Structured data provides great flexibility but exposes several drawbacks:

  1. The function that shows Label is not easy to write, especially for more than two steps of calculation that requires a lot of special judgments, such asLast week,Our data looks like this.[moment().sutract(1, 'w').startOf('w'), moment().sutract(1, 'w').endOf('w')]In turn, formatting the object requires a lot of judgment code.
  2. For ease of use, there is definitely a need for a quick filter, and it takes a lot of code to put this list either on the front end or back end (quick filter below)
  3. Objects are not very convenient to put in Query. For example, there is a function in our monitor Kanban that allows the user to override the default kanban configuration with a time parameter in Query, which would be inconvenient if it were an object.
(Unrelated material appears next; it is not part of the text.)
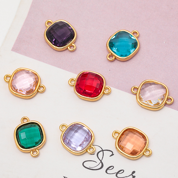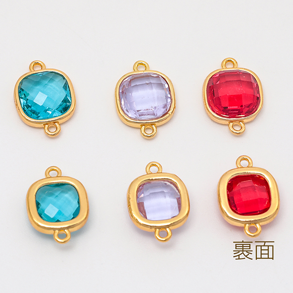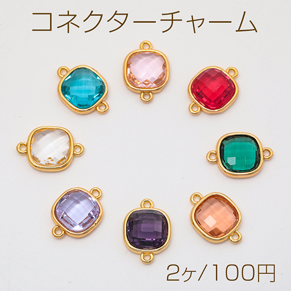 コネクターチャーム スクエア 正方形 ガラスチャーム 連結パーツ 接続金具 メタルチャーム 約10×14mm(2ヶ)

Use relative time expressions

Wouldn’t the above disadvantages be solved if we could use expressions to represent the above structured data?

Relative time expression

At this point, Grafana had already provided a working prototype, and I rewrote the logic on top of its syntax, adding fault tolerance and syntax features to create a separate library (home page). This expression is based on the structured data implementation in the previous section, but can be more straightforward. For example (from examples)

  • now - 12h: 12 hours ago, same as moment().subtract(12, 'hours')
  • -1d: 1 day ago, same as moment().subtract(1, 'day')
  • now / d: the start of today, same as moment().startOf('day')
  • now \ w: the end of this week, same as moment().endOf('week')
  • now - w / w: the start of last week, same as moment().subtract(1, 'week').startOf('week')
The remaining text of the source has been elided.